Using the “l+” mulitparticle allows us to realize that the e+ and mu+ matrix element are the same and therefore to be faster.

Cheers,

olivier

> On Sep 25, 2016, at 17:52, Ramkrishna <email address hidden> wrote:
>
> New question #402265 on MadGraph5_aMC@NLO:
> https://answers.launchpad.net/mg5amcnlo/+question/402265
>
> Hi,
>
> I would like to ask if I generate the process:
>
> generate p p > w+ w- j j QED=4 QCD=0 NP=1, w+ > l+ vl, w- > j j
>
> where the W+ can decay to any of the three leptons.
>
> Now, If I generate this process into three steps,i.e.
>
> 1) generate p p > w+ w- j j QED=4 QCD=0 NP=1, w+ > e+ ve, w- > j j
>
> 2) generate p p > w+ w- j j QED=4 QCD=0 NP=1, w+ > mu+ vm, w- > j j
>
> 3) generate p p > w+ w- j j QED=4 QCD=0 NP=1, w+ > ta+ vt, w- > j j
>
>
> And add them together. Then, Is it same as the inclusive generated sample or we might loose some contribution from cross-section in this process? If we loose some of contribution then what type of those contribution and is it significant contribution or not?
>
> with regards,
> Ram
>
> --
> You received this question notification because you are an answer
> contact for MadGraph5_aMC@NLO.

Revision history for this message
Ramkrishna (ramkrishna-sharma71) said : 		#2

Dear Olivier,

I defined l as

define l+ = e+ mu+ ta+
define l- = e- mu- ta-
define vl = ve vm vt
define vl~ = ve~ vm~ vt~

So, it will contain all three of them. So, As you said, If I use "l+" then it will be just faster no any change will be there from Physics point of view. Am I correct?

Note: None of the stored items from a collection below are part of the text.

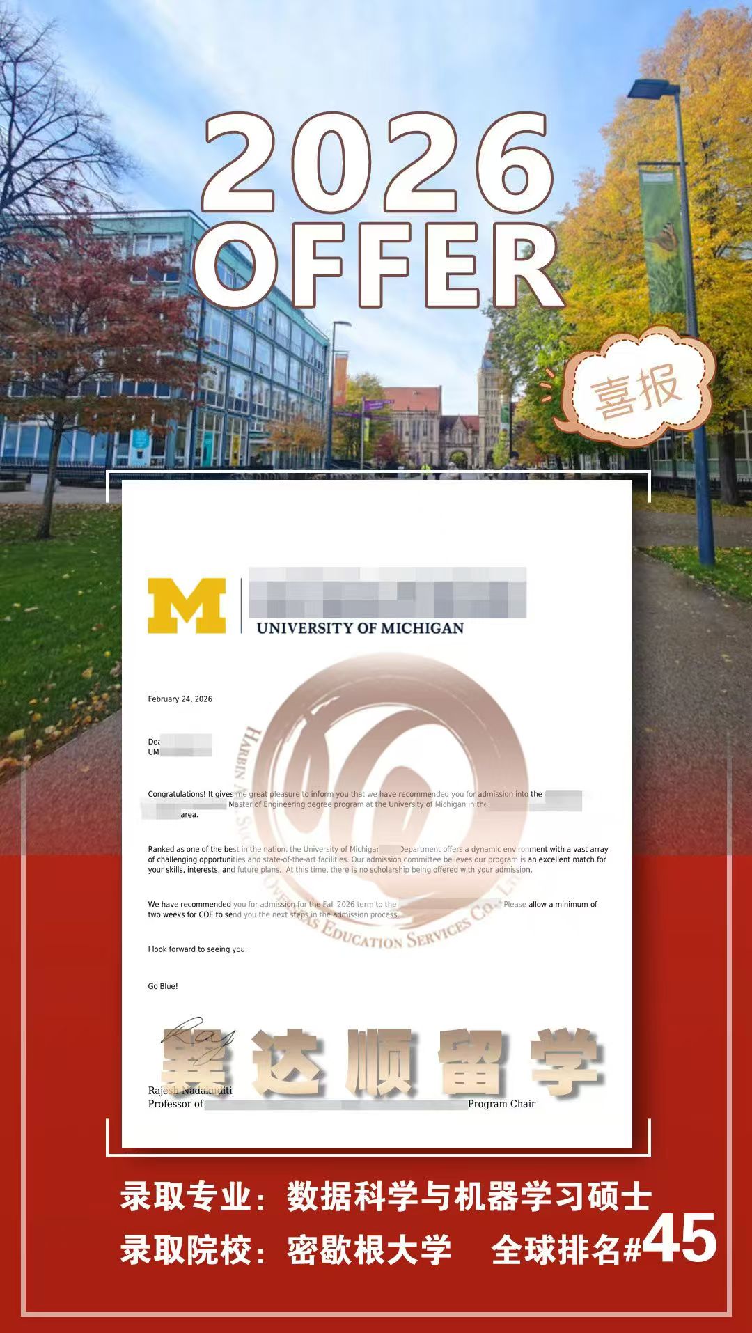棒棒哒~恭喜我们的Wang同学获得密歇根大学数据科学与机器学习硕士Offer,点赞~
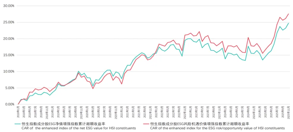 ESG价值核算方法可以用于投资组合的构建。如果应用于指数增强策略,以恒生指数作、为基准,选取ESG净值、ESG风险机遇价值因子构建价值增强指数。回测显示,两项指数从2018年以来的回报比基准指数分别超过了22%、25%。
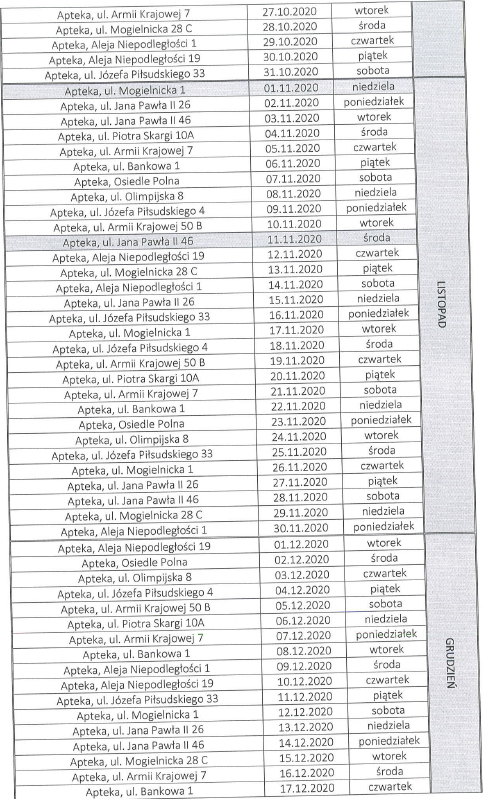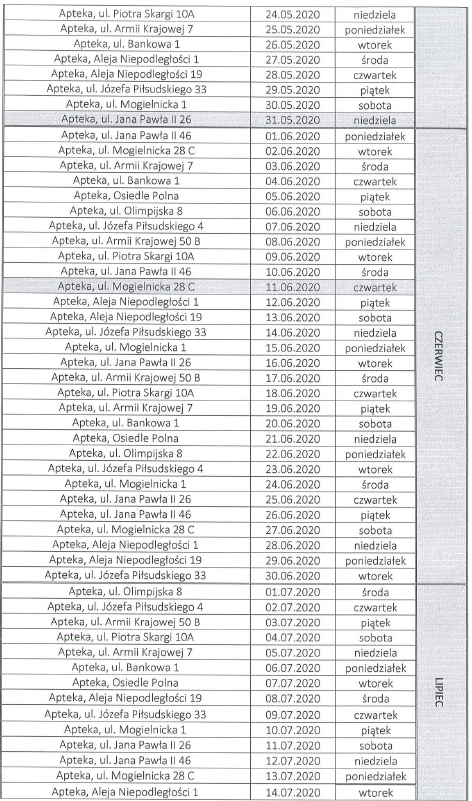 W projekcie uchwały ustalającej godziny pracy oraz harmonogram dyżurów aptek na terenie Powiatu Grójeckiego na 2020 rok skargi te zostały uwzględnione, i wprowadzono również dyżury całodobowe.
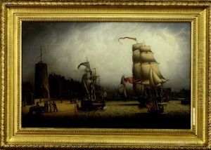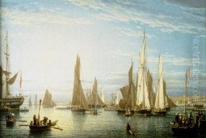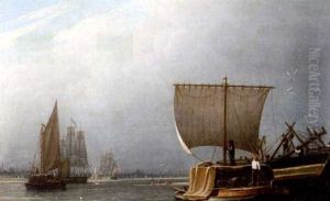 Merchant Ships Off Liverpool, Drying Their Sails Whilst Lying In The Mersey River

Revision history for this message
Best Olivier Mattelaer (olivier-mattelaer) said : 		#3

> So, it will contain all three of them. So, As you said, If I use "l+"
> then it will be just faster no any change will be there from Physics
> point of view. Am I correct?

yes

> On Sep 26, 2016, at 10:17, Ramkrishna <email address hidden> wrote:
>
> Question #402265 on MadGraph5_aMC@NLO changed:
> https://answers.launchpad.net/mg5amcnlo/+question/402265
>
> Status: Answered => Open
>
> Ramkrishna is still having a problem:
> Dear Olivier,
>
> I defined l as
>
> define l+ = e+ mu+ ta+
> define l- = e- mu- ta-
> define vl = ve vm vt
> define vl~ = ve~ vm~ vt~
>
> So, it will contain all three of them. So, As you said, If I use "l+"
> then it will be just faster no any change will be there from Physics
> point of view. Am I correct?
>
> --
> You received this question notification because you are an answer
> contact for MadGraph5_aMC@NLO.

Revision history for this message
Ramkrishna (ramkrishna-sharma71) said : 		#4

Thanks Olivier Mattelaer, that solved my question.